И если в «Триптихе» всего несколько раз упоминаемый читатель, собст-венно, еще не воспринимается как некий адресат или предполагаемый собеседник — в «Триптихе» мелькает лишь читатель «критически настроенный», готовый придираться к автору по мелочам, — в «Мореплавателе» автор уже надеется установить с незнакомым адресатом контакт. Здесь уже появляется некое «вы», которое выглядит как приглашение читателю следовать за повест-вователем. Автор здесь обращается к «дорогому моему читателю» напрямую, задает ему вопросы, полагая, что тому со стороны виднее, и не требует немедленных ответов («Но не торопитесь с ответом!»). Автор старается придать своему монологу форму мысленного диалога, хочет почувствовать ответную реакцию адресата («Давайте же, уважаемый и любезный читатель, вместе с вами… спокойно обратим свои лица»; «Итак, мы с вами…») — и в итоге в повествовании появляется «испытанный мой читатель», тот за-служенный собеседник, о котором автор поначалу мог лишь мечтать.
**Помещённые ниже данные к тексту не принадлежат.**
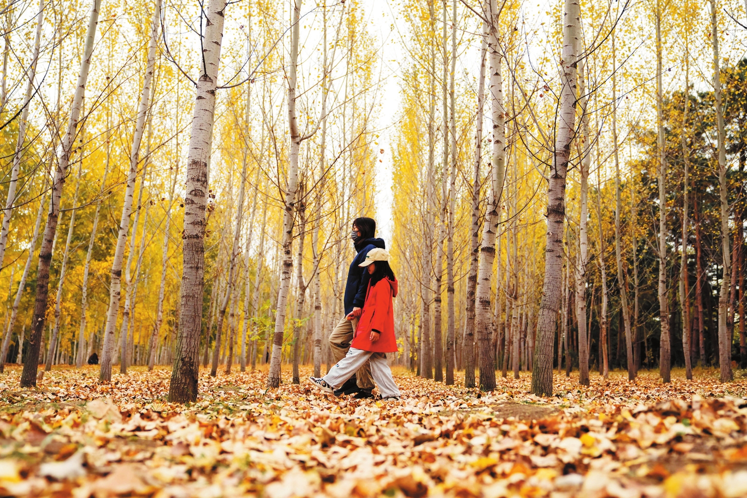 金秋时节,吉林省长春市秋意浓郁,景色如画。图为10月12日,游人在长春植物园内观赏秋景。 新华社记者 许畅摄

В «Тополе» контакт автора с читателем-другом еще более крепнет. Мучительные вопросы автор теперь задает и себе и читателю. Они вместе готовы спорить с неким «непримиримым судьей» и «несчастными людьми», которые все подвергают сомнению и осмеянию, вместе готовы возражать «отчаявшемуся или злобному голосу» и «настроенному супротивно критику». Среди разноликих голосов автор все отчетливее слышит вселяющий в него уверенность голос «теперь, надеюсь, уже единочувствующих друзей моих». И когда в финале «Тополя» автор восклицает: «Оторви себя от опоры!.. И взлетай! Взлетай же! Ты легок, ты могуч…» — этот призыв он обращает и к самому себе, и к обретенному другу-читателю.
Читатель как персонаж, невидимый, портретно не зафиксированный — по сути, авторский двойник — заслуживает повышенного внимания, однако когда в журнальных редакциях базуновские рукописи оценивали так назы-ваемые «внутренние рецензенты», они читателя-персонажа обычно не замечали, беспокоясь первым делом о читателе конкретном, благополучно здравствующем, и высказывали на сей счет самые разноречивые суждения.
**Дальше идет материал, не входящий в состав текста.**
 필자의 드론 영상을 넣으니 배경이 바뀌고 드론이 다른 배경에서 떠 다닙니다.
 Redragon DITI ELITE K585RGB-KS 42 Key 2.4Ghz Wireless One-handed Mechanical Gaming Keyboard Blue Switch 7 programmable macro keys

Часть рецензентов принимала сторону читателя, недовольного тем, что рассказчик слишком занят собой. В. Непомнящий, например, рецензировавший для «Нового мира» рукопись «Мореплавателя» (1979), жаловался: «…я — читатель — не вижу в рукописи почти ничего, что было бы обращено, так сказать, лично ко мне, ничего, кроме этих деклараций писательского внимания…» Тем не менее он старался быть объективным в своих оценках и предупреждал: «Я не хочу сказать, что повествование вяло или лишено смысла, — нет, все, о чем говорит автор, его бесконечно волнует, это его глубины, и в этом смысле └Мореплаватель“ — глубоко лиричен и философичен, — но беда в том, что читатель-то не взволнован. Он, может быть, удивлен своеобразием и смелостью замысла, восхищен мастерством и слогом, заинтересован любопытными мыслями и неожиданными поворотами ассоциаций, — но он не заражен…»
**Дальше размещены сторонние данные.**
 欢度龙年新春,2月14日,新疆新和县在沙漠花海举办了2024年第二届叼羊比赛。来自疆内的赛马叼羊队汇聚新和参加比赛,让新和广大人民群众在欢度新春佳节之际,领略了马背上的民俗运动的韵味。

А вот И. Соловьева, рецензировавшая для того же «Нового мира» рукопись «Мореплавателя» еще раньше (1974), рассматривала отношения автора с читателем иначе. «Олегу Базунову, — писала она, — удается прежде всего найти тон, ноту, ритм душевной жизни того лица, от имени которого ведется повествование, — эту особую общительность одинокого человека, который постоянно озабочен предполагаемым присутствием собеседника, дорожит его заинтересованностью и все время боится ее утратить… Сам строй фразы, все время словно уточняющейся на ходу, поправляющей самое себя, застенчиво и нервно следящей за тем, чтобы «быть в порядке», сам строй фразы выражает лад этой доверчивой и лишенной самоуверенности души, погруженной в себя и нуждающейся в понимании… Рассказчик из тех людей, которые словно конфузятся сказать что-либо окончательно и твердо. Некатегоричность сказанного, неокончательность, постоянная готовность признать, что на дело можно взглянуть иначе, — все это передано в долгих абзацах, разом стройных и зыбких, то и дело колеблемых сомнением в слове, однажды найденном и тут же заменяемым…»
Такую манеру способен воспринять только человек с близкой автору душевной организацией, может быть, потенциальный единомышленник. Для И. Соловьевой обратная связь между автором и читателем была в данном случае очевидной, поскольку автор обладал завидным даром «закреплять секунды душевной и телесной своей жизни и через это вдобавок возвращать нам — читателям — свежесть совсем иных и вроде бы утраченных наших воспоминаний о наших секундах». При этом И. Соловьева допускала: «Мореплаватель» — вещь «по своей природе не многотиражная», ее трудно себе представить напечатанной в журнале с полумиллионным тиражом, она «обращена к тысячам, а не миллионам. Это ее дар — интимность, но это и ее ограничивающая черта».
Самые честные рецензенты в советское время под давлением абсолютной гегемонии «широкого читателя» вынуждены были констатировать, что книги Базунова адресованы весьма узкому читательскому кругу, а в этом, уже по логике начальства, был их коренной недостаток. Меж тем «Мореплаватель», когда исторические обстоятельства изменились, в 1987 году «Новым миром», при тогдашнем тираже в 490 000 экземпляров, был все-таки напечатан.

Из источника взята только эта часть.